Let's say we have some library (eg. for XML parsing) that accepts a callback and calls it everytime it encounters some event (eg. find some XML tag). I'd like to be able to transform those callbacks into a generator that can be iterated via the for loop. Is that possible in Python without using threads or collecting all the callback results (ie. with lazy evaluation)?
Example:
# this is how I can produce the items
def callback(item)
# do something with each item
parser.parse(xml_file, callback=callback)
# this is how the items should be consumed
for item in iter_parse(xml_file):
print(item)
I've tried to study if coroutines could be used but it seems that coroutines are useful for pushing data from the producer, while generator pull data to the consumer.
The natural idea was that the producer and consumer would be coroutines that would ping the execution flow back and forth.

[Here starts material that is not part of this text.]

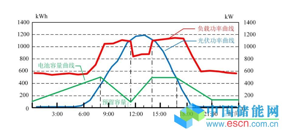 上面這張圖反映的就是:2015年9月份光伏平均日發(fā)電量為6532kWh,中午11:30到14:00之間平均發(fā)電量2786kWh,這個(gè)時(shí)間段的平均負(fù)載需求為2115kWh,低于光伏發(fā)電量。在沒有微電網(wǎng)儲(chǔ)能時(shí),光伏發(fā)電在滿足園區(qū)用電后,剩余部分經(jīng)過升壓變壓器后無償并入電網(wǎng)。儲(chǔ)能系統(tǒng)可以很好利用中午時(shí)段園區(qū)無法消納的光伏發(fā)電量給儲(chǔ)能電池(500kWh)充電,并在用電高峰時(shí)段放電。微電網(wǎng)能源管理系統(tǒng)會(huì)根據(jù)每天的生產(chǎn)安排、預(yù)測的光伏發(fā)電量,適當(dāng)調(diào)整電池充放電比例,同時(shí)系統(tǒng)預(yù)留一部分電池容量給數(shù)據(jù)中心和關(guān)鍵負(fù)載做備用電源。微電網(wǎng)能源管理系統(tǒng)通過實(shí)時(shí)監(jiān)測電網(wǎng)狀態(tài),在電網(wǎng)發(fā)生故障時(shí),利用公共接入點(diǎn)(PCC)的靜態(tài)開關(guān),快速切斷與電網(wǎng)的連接,進(jìn)入孤島運(yùn)行狀態(tài),確保微電網(wǎng)內(nèi)部關(guān)鍵負(fù)荷的供電。

I've managed to get a producer-consumer pattern working with the asyncio loop (in a similar way to this answer). However it cannot be used like a generator in a for loop:
import asyncio
q = asyncio.Queue(maxsize=1)
@asyncio.coroutine
def produce(data):
for v in data:
print("Producing:", v)
yield from q.put(v)
print("Producer waiting")
yield from q.put(None)
print("Producer done")
@asyncio.coroutine
def consume():
while True:
print("Consumer waiting")
value = yield from q.get()
print("Consumed:", value)
if value is not None:
# process the value
yield from asyncio.sleep(0.5)
else:
break
print("Consumer done")
tasks = [
asyncio.Task(consume()),
asyncio.Task(produce(data=range(5)))
]
loop = asyncio.get_event_loop()
loop.run_until_complete(asyncio.wait(tasks))
The problem is that the result cannot be iterated in a for loop since it is managed by the loop.
When I rewrite the code so that the callback is called from an ordinary function, the problem is that asyncio.Queue.put() called from the callback doesn't block and the computation is not lazy.
import asyncio
q = asyncio.Queue(maxsize=1)
def parse(data, callback):
for value in data:
# yield from q.put(value)
callback(value)
@asyncio.coroutine
def produce(data):
@asyncio.coroutine
def enqueue(value):
print('enqueue()', value)
yield from q.put(value)
def callback(value):
print('callback()', value)
asyncio.async(enqueue(value))
parse(data, callback)
print('produce()')
print('produce(): enqueuing sentinel value')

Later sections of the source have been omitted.